On June 18, 2018, the Electronic Frontier Foundation (EFF) filed a federal lawsuit challenging the constitutionality of the law (Woodhull Freedom Foundation, et al. v. U.S.), on behalf of the Internet Archive, Human Rights Watch, the Woodhull Freedom Foundation, Eric Koszyk, and Alex Andrews. The lawsuit argued that FOSTA is unconstitutionally overbroad and unconstitutionally vague.

On September 24, 2018, Judge Richard J. Leon dismissed the EFF's constitutional challenge against FOSTA for lack of standing.

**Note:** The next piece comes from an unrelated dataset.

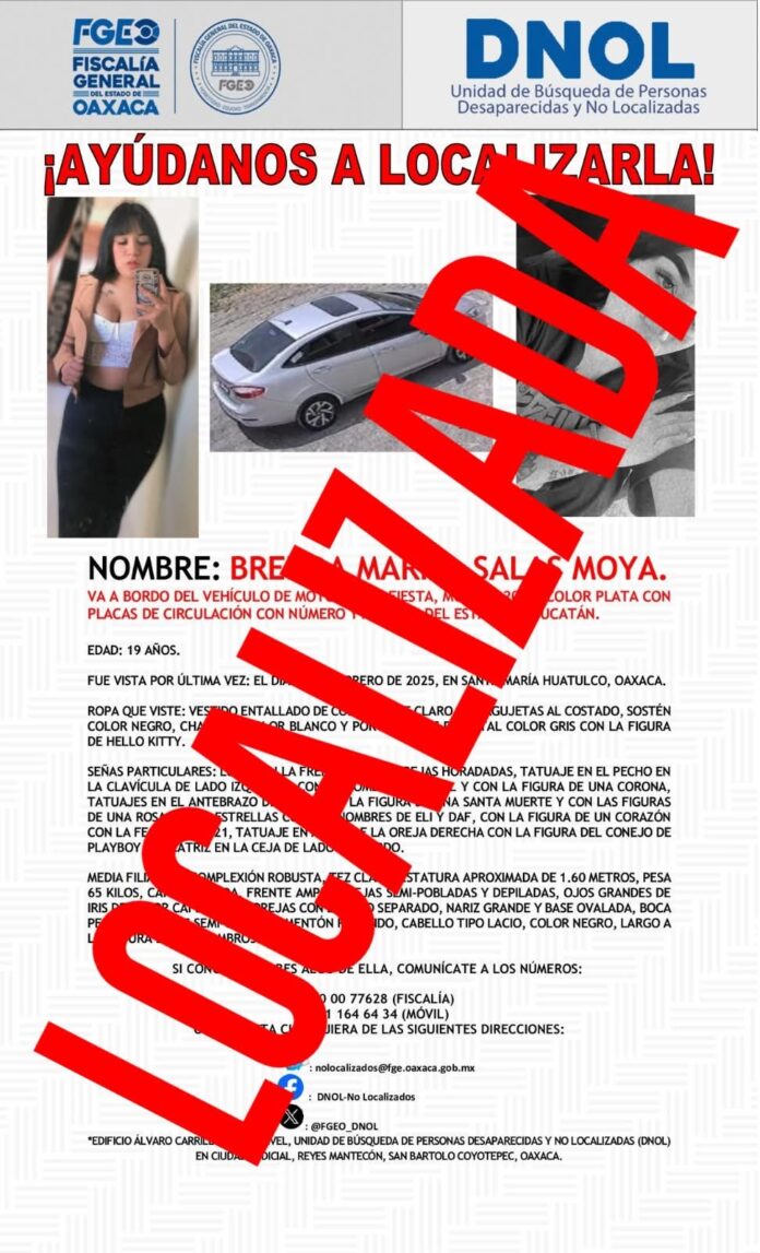 Gracias a la intervención oportuna y la inmediata activación de protocolos de búsqueda, fue posible dar con el paradero con vida de Brenda Mariel Salas Moya, quien fue localizada en el Estado de Puebla.

On the EFF's appeal, the Court of Appeals for the D.C. Circuit reversed the lower court ruling on the matter of standing and sent the case back to the lower court on January 24, 2020.

On March 29, 2022, Judge Richard J. Leon again dismissed the EFF's constitutional challenge against FOSTA, ruling that the EFF's arguments about FOSTA's unconstitutionality were without merit. On April 25, 2022, the EFF filed a notice of appeal. But on July 07, 2023, the Court of Appeals for the D.C. Circuit rejected the EFF’s appeal and affirmed the district court’s ruling, agreeing that FOSTA-SESTA is not unconstitutionally overbroad or vague.

On January 5, 2021, Judge David C. Godbey of the United States District Court North District of Texas upheld the constitutionality of FOSTA, ruling that the statute is neither unconstitutionally overbroad nor unconstitutionally vague. His ruling was a response to a constitutional challenge brought by the defendant in the case of United States v. Martono, a criminal matter relating to the seizure of CityxGuide.

==GAO report==
The law required the Government Accountability Office (GAO) to conduct a study three years after enactment. The GAO report found two events in April 2018 disrupted the landscape of the online commercial sex market. First, federal authorities seized the largest online platform for buying and selling commercial sex, backpage.com. Second, FOSTA was enacted. These events led many who controlled platforms in this market to relocate their platforms overseas. Additionally, with backpage.com no longer in the market, buyers and sellers moved to other online platforms, and the market became fragmented. From 2014 through 2020, the Department of Justice (DOJ) brought at least 11 criminal cases against those who control platforms in this market, including three cases against those who control backpage.com.

The current landscape of the online commercial sex market heightens already-existing challenges law enforcement face in gathering tips and evidence. Specifically, gathering tips and evidence to investigate and prosecute those who control or use online platforms has become more difficult due to the relocation of platforms overseas, platforms' use of complex payment systems, and the increased use of social media platforms.

Criminal restitution has not been sought and civil damages have not been awarded under section 3 of FOSTA. In June 2020, DOJ brought one case under the criminal provision established by section 3 of FOSTA for aggravated violations involving the promotion of prostitution of five or more people or acting in reckless disregard of sex trafficking. As of March 2021, restitution had not been sought or awarded. According to DOJ officials, prosecutors have not brought more cases with charges under section 3 of FOSTA because the law is relatively new and prosecutors have had success using other criminal statutes. Finally, in November 2020 one individual sought civil damages under a number of constitutional and statutory provisions, including section 3 of FOSTA. However, in March 2021, the court dismissed the case without awarding damages after it had granted defendants' motions to dismiss.